Standing to the north of the Humayun’s Tomb World Heritage Site, the 11 acre “Batashewala Complex” includes two Mughal era tomb-garden enclosures within which stand three tombs, of national importance, and protected by the Archaeological Survey of India (ASI). They are a significant part of the 16th century Mughal necropolis adjacent to the Dargah of Hazrat Nizamuddin Auliya, the 14th century Sufi saint who has been revered for seven centuries. The tomb of Mirza Muzaffar Hussain, grand-nephew of Emperor Humayun and son-in-law of Emperor Akbar, is the principal tomb in the complex.
The Chota Batashewala and the domed Mughal tomb can be considered contemporary because of their location in the complex and their architectural character.
In addition to their historical significance, their association with the Mughal royal family and the architectural significance of the unique plan for all three structures, the tombs stand within a significant archaeological zone comprising of other 16th and 17th century garden-tombs.
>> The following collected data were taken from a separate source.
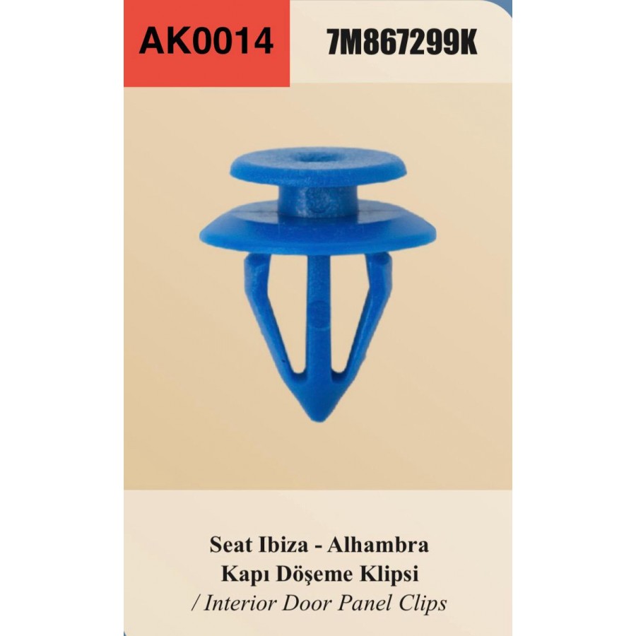 Seat Ibiza ve Seat Alhambra uyumlu kapı döşeme klipsi, araç kapı iç döşemesinin gövdeye sağlam ve titreşimsiz şekilde sabitlenmesini sağlar. Kırılan, gevşeyen veya kaybolan orijinal klipslerin yerine birebir uyumlu olarak kullanılabilir.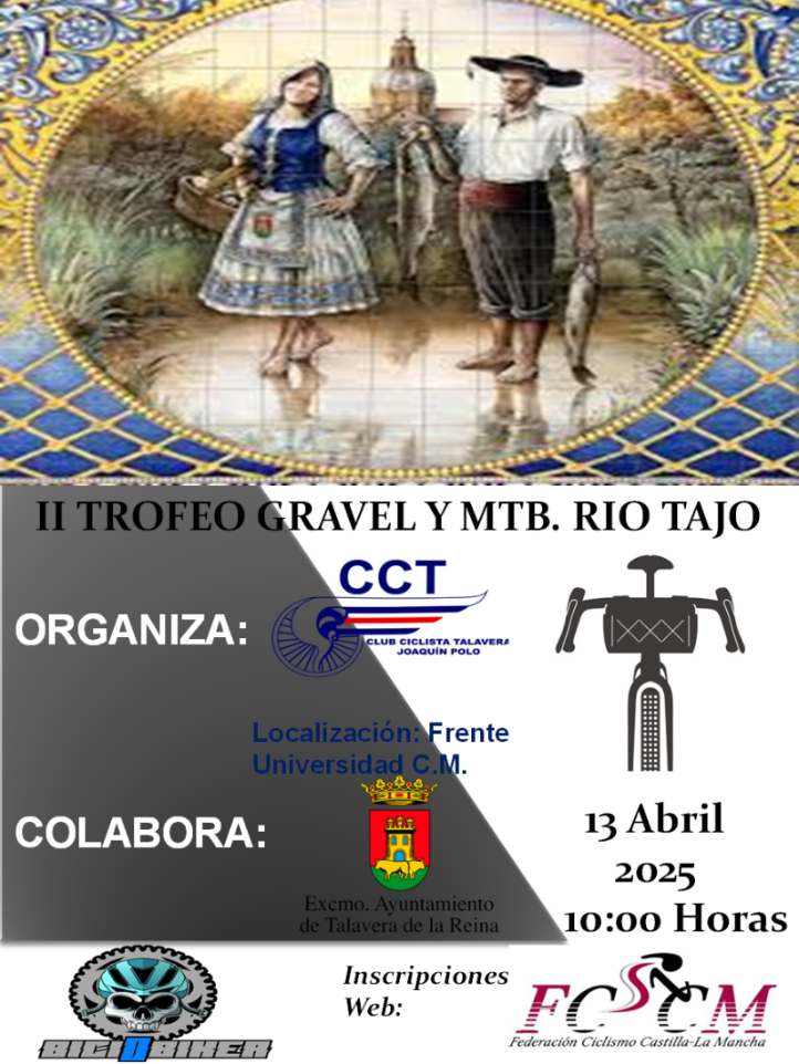 El Trofeo Gravel MTB Río Tajo llega este domingo 13 de abril a Talavera de la Reina y comarca de la mano del Club Ciclista Talavera Joaquín Polo en una segunda edición que será de nuevo sede del Campeonato de Castilla-La Mancha de la disciplina. La prueba comenzará a las 10:00 horas y está dirigida a las categorías de Junior hasta Masters, en modalidad masculina y femenina.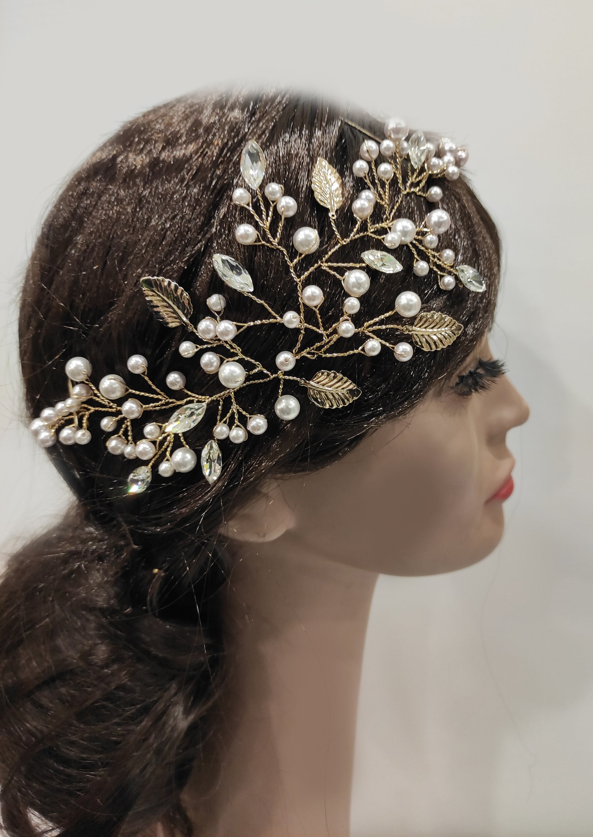 Accessorio bijoux modellabile, con perle e pietre swarovsky e foglioline in ottone, fatto a mano, made in italy, personalizzabile.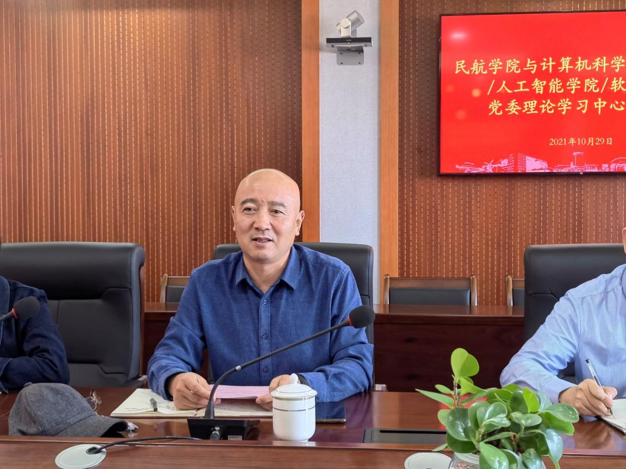 为深入落实校党委党史学习教育工作部署,推动理论学习联系工作实际,促进院级党组织相互学习和交流,10月29日,民航学院党委和计算机科学与技术学院/人工智能学院/软件学院党委理论学习中心组在民航学院1213会议室,围绕“学习习近平总书记给全国高校黄大年式教师团队代表的回信精神”、“学习王泽山、刘永坦等工信楷模的先进事迹”两个专题展开联合学习,双方就两学院学科交叉融合发展设想作重点发言。会议由民航学院党委书记刘建成和计算机学院党委书记刘健荣共同主持,双方党政领导班子全体成员、党委委员、党政办主任参加了学习。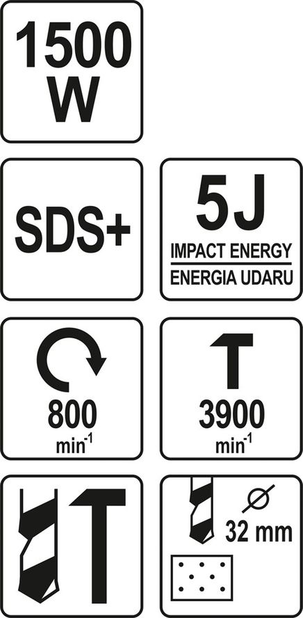 YATO Перфоратор мережевий SDS+ : P= 1500 Вт, J = 5Дж. частота -3900 уд./хв, Ø≤ 32 мм (бетон)
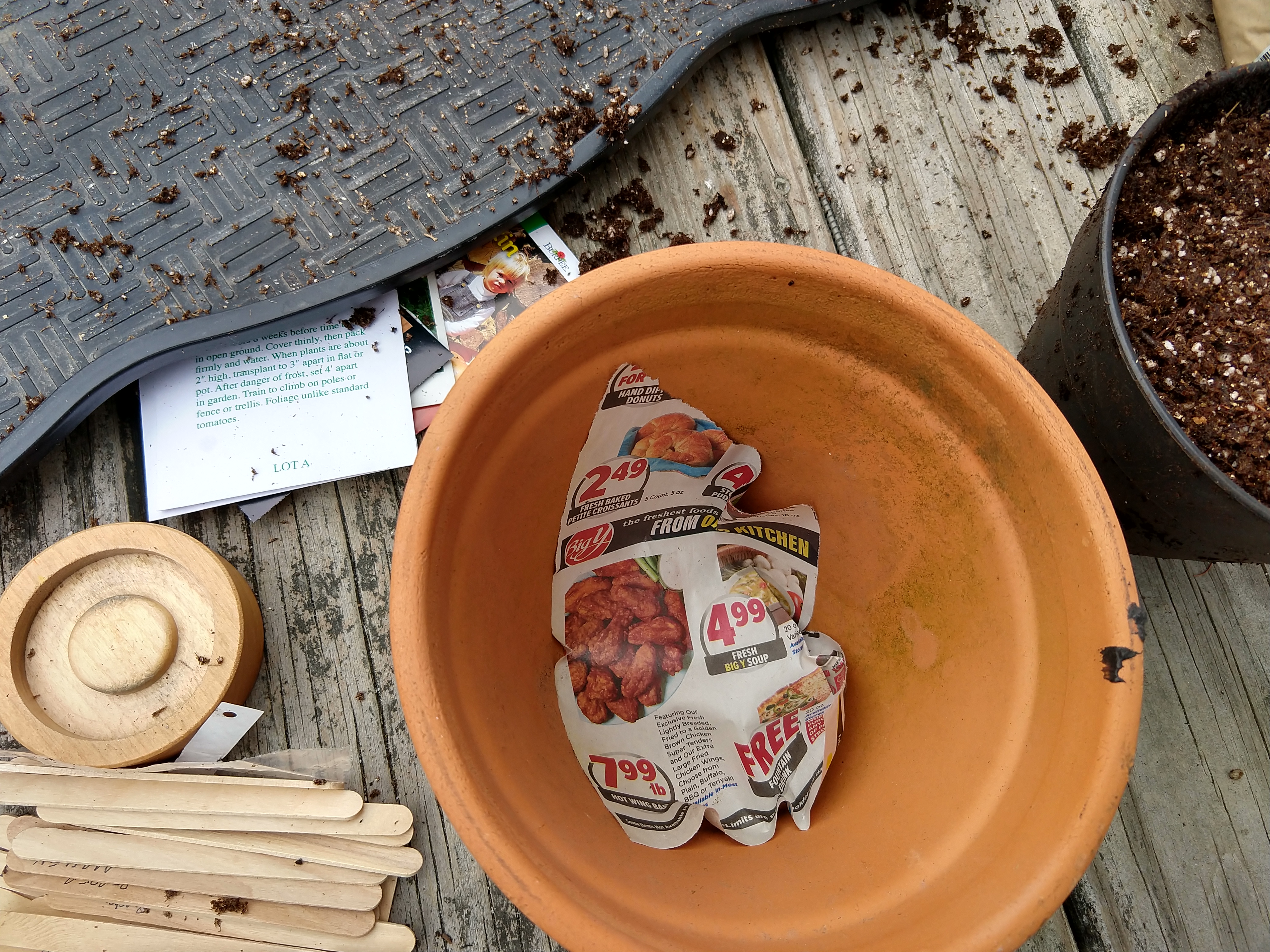 A little scrap of newspaper in the bottom of the pot keeps the soil from running out the bottom.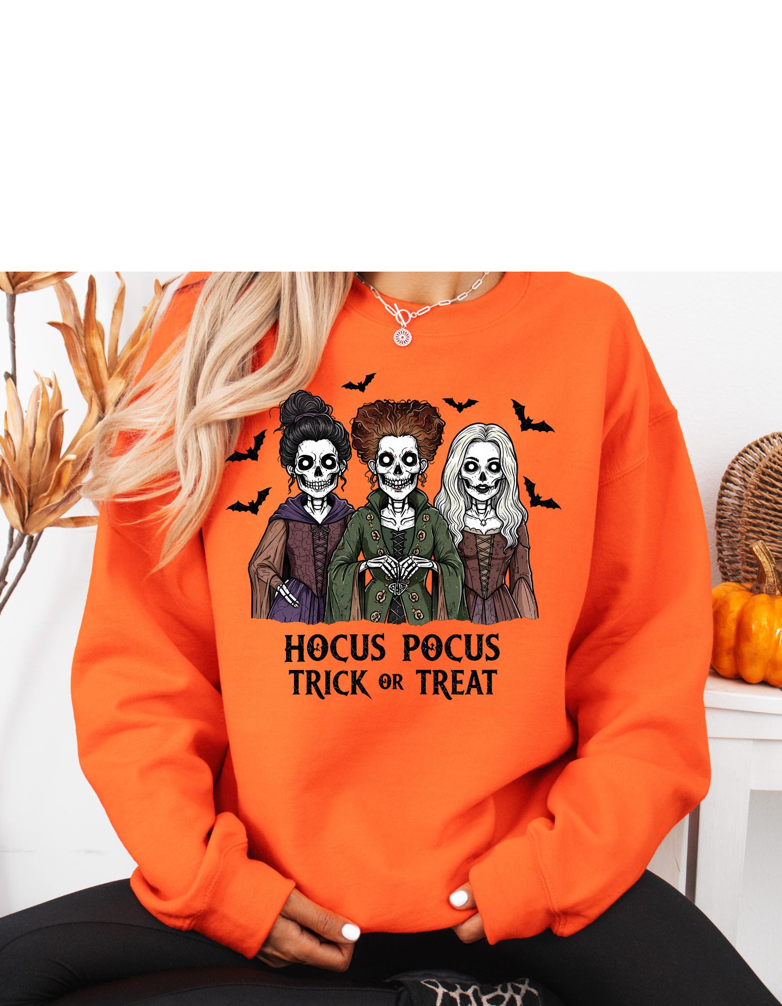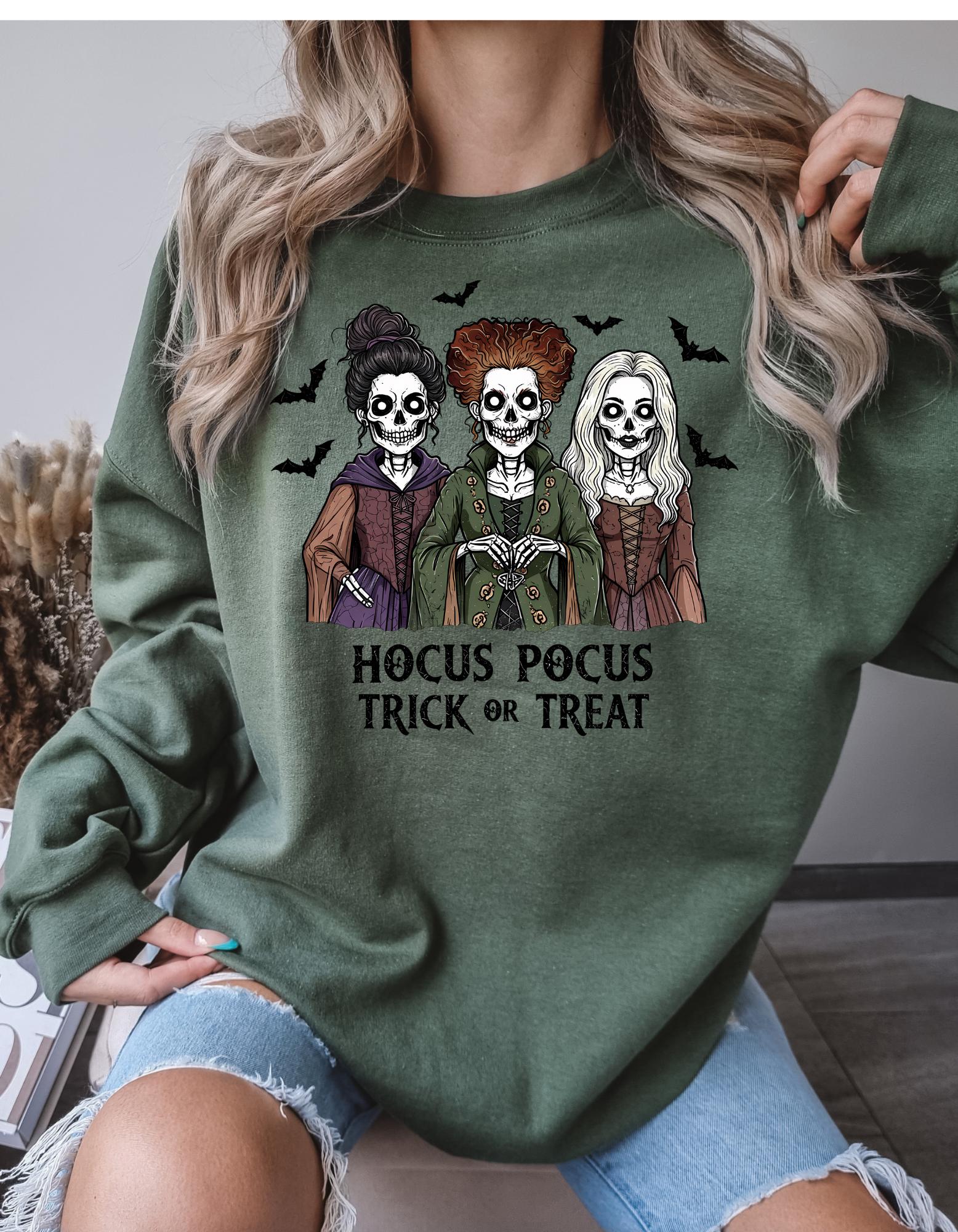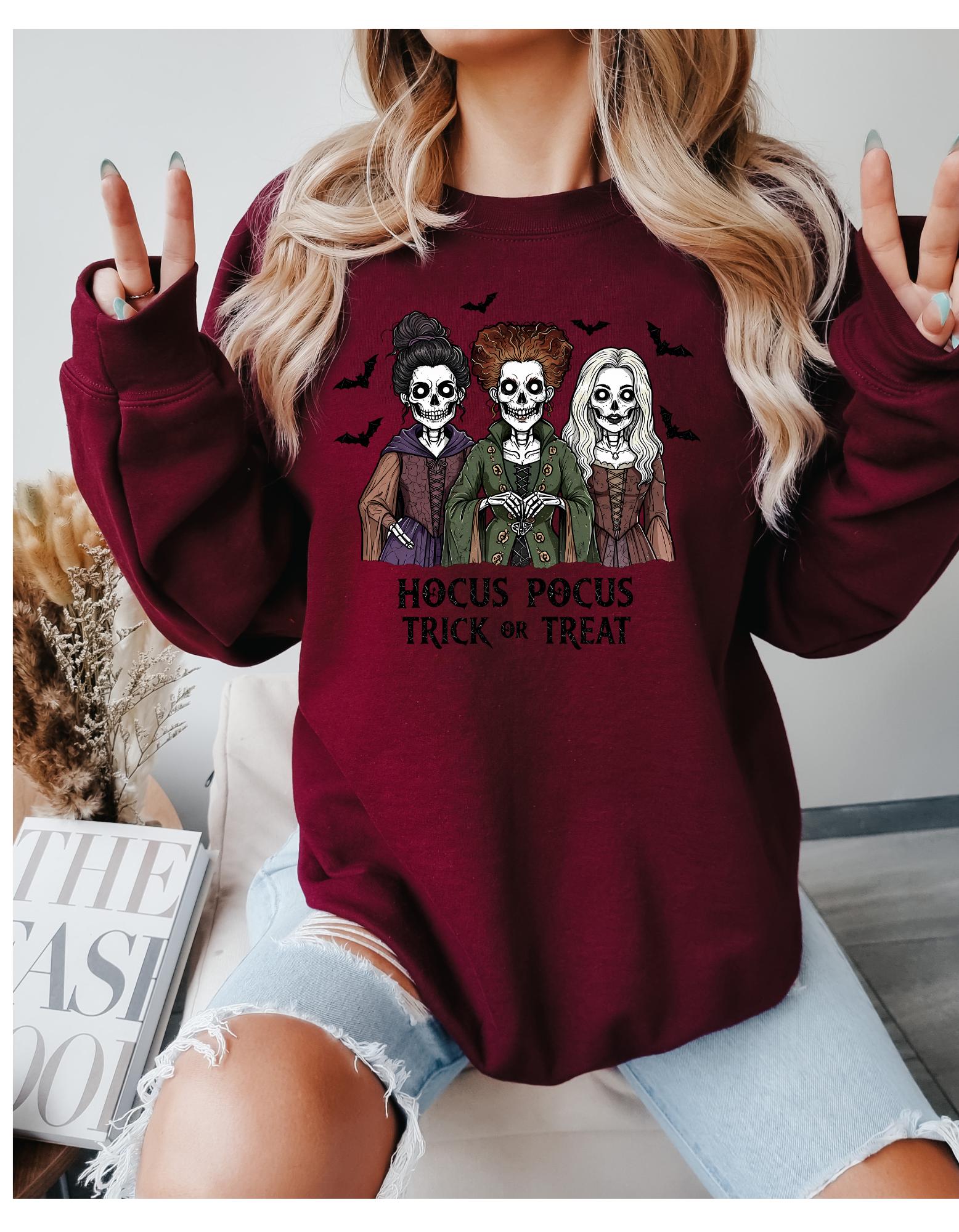 Bring a little magic to your wardrobe with this cozy Hocus Pocus Halloween sweatshirt. This spooky cute sweatshirt is perfect for Fall nights,pumpkin-patches,Halloween parties,or just to be cute running errands. Make this your go to spooky season sweatshirt.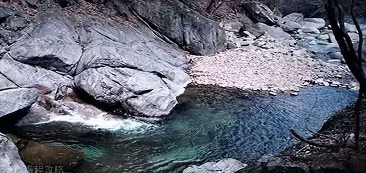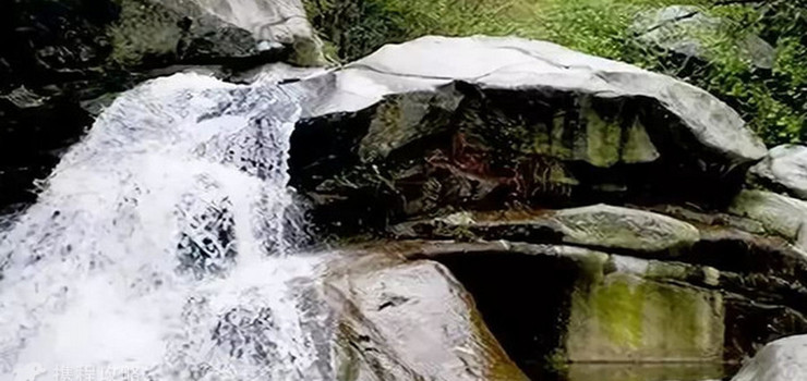 当我们来到了一个称为花潭石的地方时,激流清辙的水流,涌溅在泉石之间,涓涓细流盘绕在一块大大的石头上,把你的视线引向河道上的下一水景就叫湘妃池。 湘妃池起来水势丰满,隐而不发,汹涌澎湃,旁边有一看像金龟,忠实地守护着她,所以被人们戏称金龟守浴。 相传湘妃随舜帝巡视天下时,因喜爱这源自大别山深处的清澈泉水,而在此沐浴休憩,故称为湘妃池。而舜帝为了让湘妃能够安心沐浴,不被打扰,便派忠厚的金龟在此守候,为湘妃驱赶误入此间的凡夫俗子、飞鸟走兽。如今,湘妃早随舜帝羽化而去,只有忠厚的金龟,恐因没有收到舜帝的命令,而一直守候在这里,历经风霜洗礼,幻化成石。在金龟的上方有一处面积大约50平方左右的小石潭、湘妃池下方也还有一个这样的小石潭,潭水均清澈见底,终年不竭;湘妃池和这两个石潭在地貌成因上都属壶穴。连接着它的是一段山边小路,仅五分钟的路程,我们就可以来到了龙井河下游的龙井瀑瀑布,人还没有走近,奔腾的水雾扑面而来,约五十米高如柱的水流从天而降,直泄瀑底,这是瀑布中水量大的龙井潭。

The restoration of the 11-acre “Batashewala complex” – undertaken by the Aga Khan Trust for Culture in collaboration with the Archaeological Survey of India with a grant from the U.S Ambassador’s Fund for Cultural Preservation. The complex includes three 16th century garden-tombs, including the tomb of Mirza Muzaffar Hussain, grand-nephew of Emperor Humayun and son-in-law of Emperor Akbar. The Complex, which is adjacent to the Humayun’s Tomb world heritage site, had suffered from decades of neglect and inappropriate development. The conservation efforts on the complex by the Aga Khan Trust for Culture began in 2011, following a US$ 750,000.00 grant from the U.S Ambassador’s Fund for Cultural Preservation. The multi-disciplinary team worked towards reversing the damage through a painstaking, craft-based effort aimed at restoring the historic architectural character of the site. Traditional materials and building techniques were employed in order to replace 20th century alterations carried out with modern materials, such as cement. Portions of the structures and the enclosure walls – demolished in 1989 to create a camp site – were reconstructed. The Mughal char-bagh landscape design of the two enclosed gardens was restored. Trees favoured by the Mughals – mango, neem, citrus, amongst others – were planted.